Aim of the task: Find every line with the string "much" in the material below and copy it.

Records provided:
━━━━━━━━

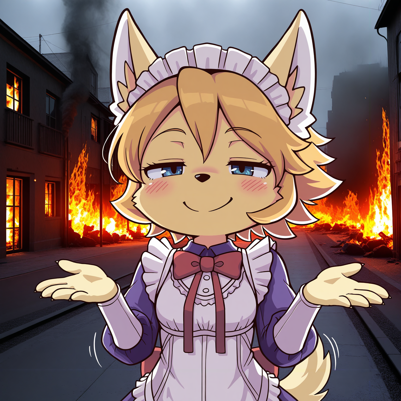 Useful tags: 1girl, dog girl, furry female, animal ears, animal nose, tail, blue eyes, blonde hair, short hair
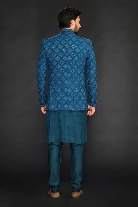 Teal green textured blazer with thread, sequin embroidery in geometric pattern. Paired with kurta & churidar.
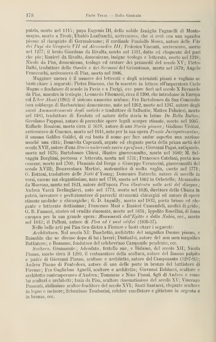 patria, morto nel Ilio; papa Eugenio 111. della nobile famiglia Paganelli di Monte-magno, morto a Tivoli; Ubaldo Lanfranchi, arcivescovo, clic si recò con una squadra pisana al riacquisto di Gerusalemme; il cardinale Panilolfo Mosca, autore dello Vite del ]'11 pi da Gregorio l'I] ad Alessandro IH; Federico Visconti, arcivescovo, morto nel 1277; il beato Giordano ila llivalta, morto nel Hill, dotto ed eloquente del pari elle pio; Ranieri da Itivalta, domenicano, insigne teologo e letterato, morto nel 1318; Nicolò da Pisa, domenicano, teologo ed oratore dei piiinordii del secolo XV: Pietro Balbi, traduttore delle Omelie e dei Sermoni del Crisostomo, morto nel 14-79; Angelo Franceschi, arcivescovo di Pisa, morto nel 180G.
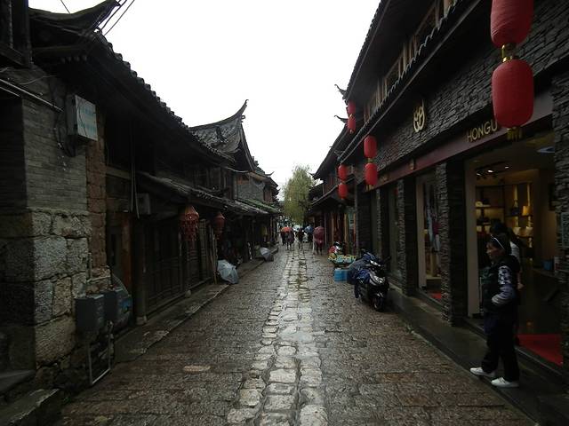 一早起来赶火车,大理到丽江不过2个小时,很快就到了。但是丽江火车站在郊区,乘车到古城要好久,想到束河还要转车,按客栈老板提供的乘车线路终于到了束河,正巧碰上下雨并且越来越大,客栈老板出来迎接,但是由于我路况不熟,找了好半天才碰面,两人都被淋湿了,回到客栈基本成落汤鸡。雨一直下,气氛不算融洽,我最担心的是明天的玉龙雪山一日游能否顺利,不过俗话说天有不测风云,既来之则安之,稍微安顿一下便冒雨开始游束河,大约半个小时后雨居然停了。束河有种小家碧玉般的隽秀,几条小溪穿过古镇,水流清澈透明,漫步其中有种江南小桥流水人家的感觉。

━━━━━━━━

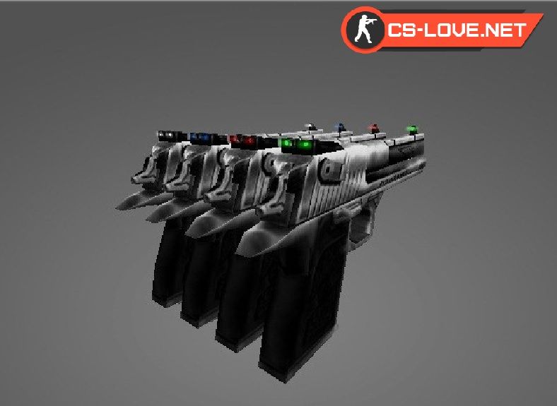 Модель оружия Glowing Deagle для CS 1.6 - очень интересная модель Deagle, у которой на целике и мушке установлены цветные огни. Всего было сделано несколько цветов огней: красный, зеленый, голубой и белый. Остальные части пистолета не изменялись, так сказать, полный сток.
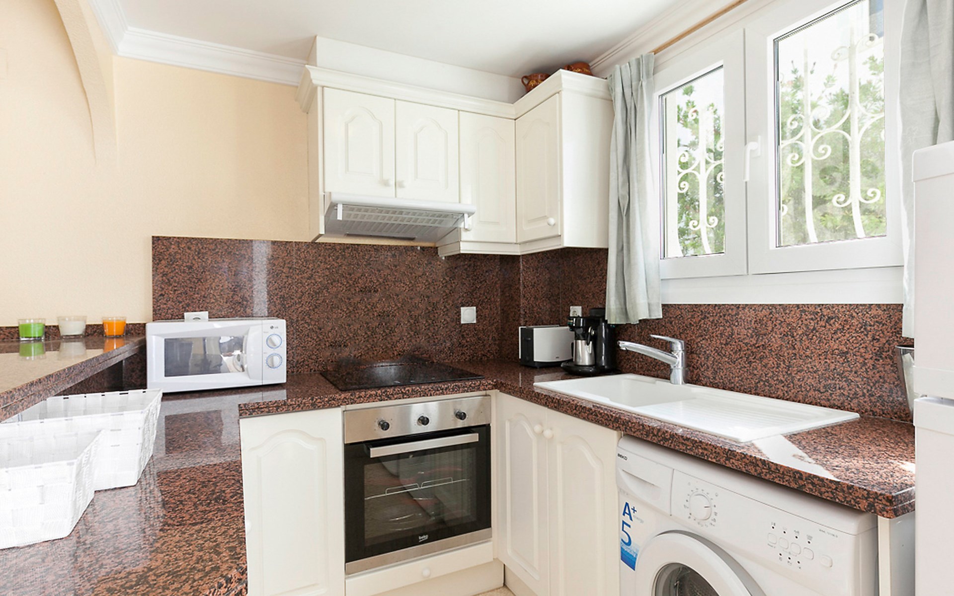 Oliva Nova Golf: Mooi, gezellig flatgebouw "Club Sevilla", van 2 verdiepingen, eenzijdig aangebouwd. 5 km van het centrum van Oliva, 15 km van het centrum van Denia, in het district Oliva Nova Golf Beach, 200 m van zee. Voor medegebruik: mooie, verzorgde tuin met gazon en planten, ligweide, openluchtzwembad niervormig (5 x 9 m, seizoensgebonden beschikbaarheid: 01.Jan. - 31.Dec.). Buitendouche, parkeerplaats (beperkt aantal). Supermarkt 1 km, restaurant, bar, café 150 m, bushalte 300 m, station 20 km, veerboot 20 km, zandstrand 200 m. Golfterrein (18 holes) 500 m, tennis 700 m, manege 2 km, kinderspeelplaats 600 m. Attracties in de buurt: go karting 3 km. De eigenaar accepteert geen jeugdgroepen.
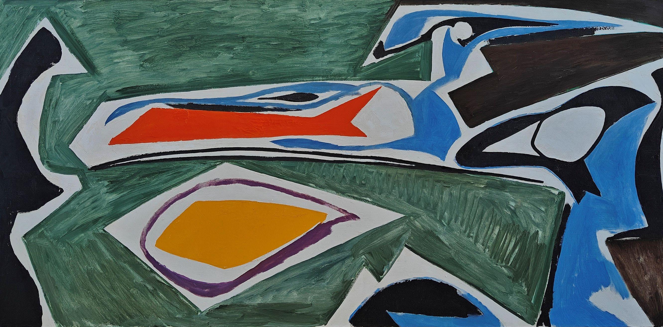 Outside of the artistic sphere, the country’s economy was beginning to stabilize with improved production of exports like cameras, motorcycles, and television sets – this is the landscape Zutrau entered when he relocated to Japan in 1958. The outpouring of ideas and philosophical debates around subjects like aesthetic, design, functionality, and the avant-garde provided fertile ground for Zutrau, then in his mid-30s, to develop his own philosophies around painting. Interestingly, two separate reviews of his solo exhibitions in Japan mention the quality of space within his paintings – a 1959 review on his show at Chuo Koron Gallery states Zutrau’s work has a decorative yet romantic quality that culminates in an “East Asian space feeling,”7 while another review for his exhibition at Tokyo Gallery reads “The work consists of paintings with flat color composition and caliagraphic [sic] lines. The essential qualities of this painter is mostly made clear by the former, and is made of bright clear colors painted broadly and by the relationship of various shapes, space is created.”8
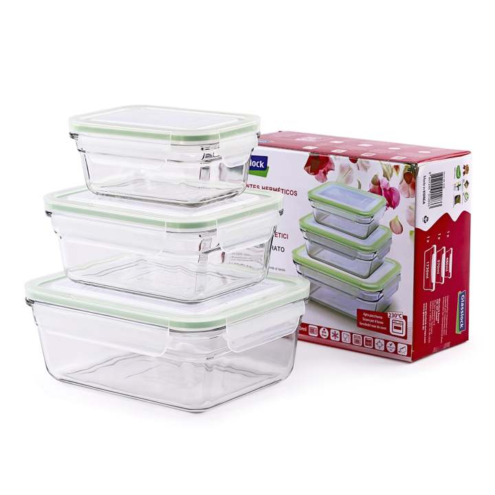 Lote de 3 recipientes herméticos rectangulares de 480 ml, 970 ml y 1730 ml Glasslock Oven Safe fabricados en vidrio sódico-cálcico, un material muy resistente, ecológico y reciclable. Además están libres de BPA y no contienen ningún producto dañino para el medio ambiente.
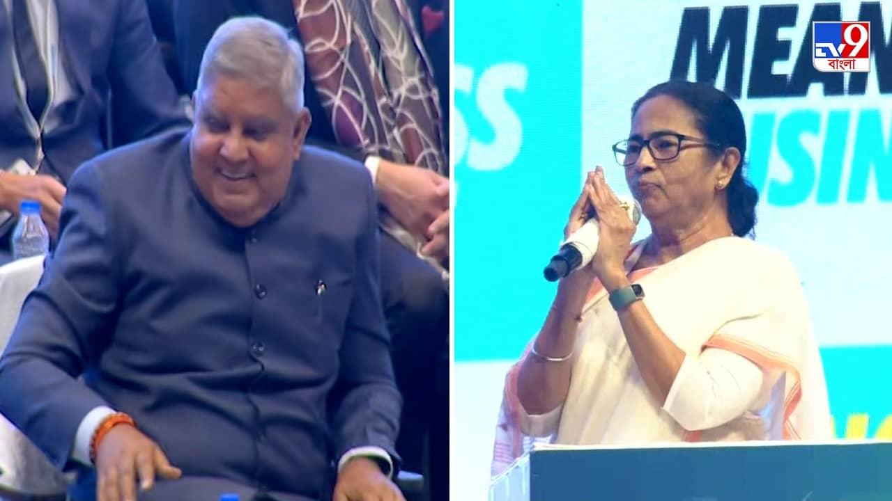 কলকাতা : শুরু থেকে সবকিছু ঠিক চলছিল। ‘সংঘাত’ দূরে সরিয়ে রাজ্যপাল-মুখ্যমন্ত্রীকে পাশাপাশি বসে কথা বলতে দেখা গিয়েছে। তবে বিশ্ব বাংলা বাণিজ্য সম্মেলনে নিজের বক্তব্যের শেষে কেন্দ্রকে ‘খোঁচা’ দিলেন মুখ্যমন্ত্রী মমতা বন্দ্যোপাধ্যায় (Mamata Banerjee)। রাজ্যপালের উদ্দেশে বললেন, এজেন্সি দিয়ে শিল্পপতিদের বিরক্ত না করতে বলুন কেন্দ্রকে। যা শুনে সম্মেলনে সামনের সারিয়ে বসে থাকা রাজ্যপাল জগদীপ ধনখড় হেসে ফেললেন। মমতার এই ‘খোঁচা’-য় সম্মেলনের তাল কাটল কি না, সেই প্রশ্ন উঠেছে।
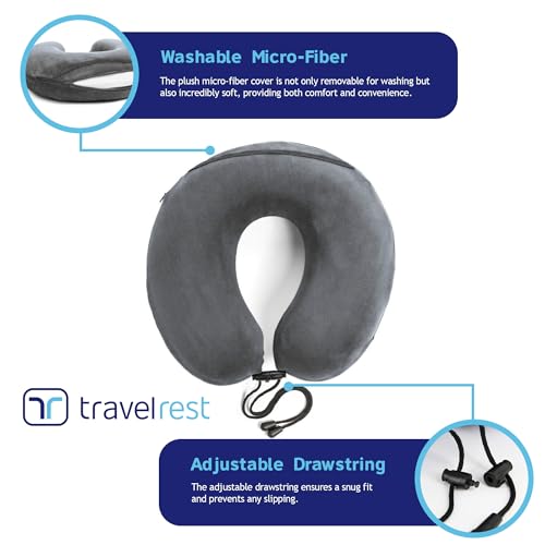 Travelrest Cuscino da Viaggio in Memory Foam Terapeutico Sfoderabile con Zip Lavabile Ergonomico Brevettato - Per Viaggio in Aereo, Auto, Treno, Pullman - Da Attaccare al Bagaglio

━━━━━━━━

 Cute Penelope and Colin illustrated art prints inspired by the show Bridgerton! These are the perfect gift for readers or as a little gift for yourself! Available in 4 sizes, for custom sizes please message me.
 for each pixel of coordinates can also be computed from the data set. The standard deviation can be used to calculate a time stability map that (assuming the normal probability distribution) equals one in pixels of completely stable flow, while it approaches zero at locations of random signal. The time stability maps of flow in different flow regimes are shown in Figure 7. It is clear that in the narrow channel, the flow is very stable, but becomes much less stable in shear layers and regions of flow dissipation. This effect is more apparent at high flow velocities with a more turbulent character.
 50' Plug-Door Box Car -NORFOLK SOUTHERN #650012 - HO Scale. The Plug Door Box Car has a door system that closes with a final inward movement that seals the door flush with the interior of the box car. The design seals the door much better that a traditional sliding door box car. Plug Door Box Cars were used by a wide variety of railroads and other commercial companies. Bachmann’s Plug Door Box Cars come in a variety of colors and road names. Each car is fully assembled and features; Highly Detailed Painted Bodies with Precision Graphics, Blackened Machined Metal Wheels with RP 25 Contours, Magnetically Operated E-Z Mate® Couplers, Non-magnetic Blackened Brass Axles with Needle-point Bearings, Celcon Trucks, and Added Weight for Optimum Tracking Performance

━━━━━━━━

Exercise response:
 for each pixel of coordinates can also be computed from the data set. The standard deviation can be used to calculate a time stability map that (assuming the normal probability distribution) equals one in pixels of completely stable flow, while it approaches zero at locations of random signal. The time stability maps of flow in different flow regimes are shown in Figure 7. It is clear that in the narrow channel, the flow is very stable, but becomes much less stable in shear layers and regions of flow dissipation. This effect is more apparent at high flow velocities with a more turbulent character.
 50' Plug-Door Box Car -NORFOLK SOUTHERN #650012 - HO Scale. The Plug Door Box Car has a door system that closes with a final inward movement that seals the door flush with the interior of the box car. The design seals the door much better that a traditional sliding door box car. Plug Door Box Cars were used by a wide variety of railroads and other commercial companies. Bachmann’s Plug Door Box Cars come in a variety of colors and road names. Each car is fully assembled and features; Highly Detailed Painted Bodies with Precision Graphics, Blackened Machined Metal Wheels with RP 25 Contours, Magnetically Operated E-Z Mate® Couplers, Non-magnetic Blackened Brass Axles with Needle-point Bearings, Celcon Trucks, and Added Weight for Optimum Tracking Performance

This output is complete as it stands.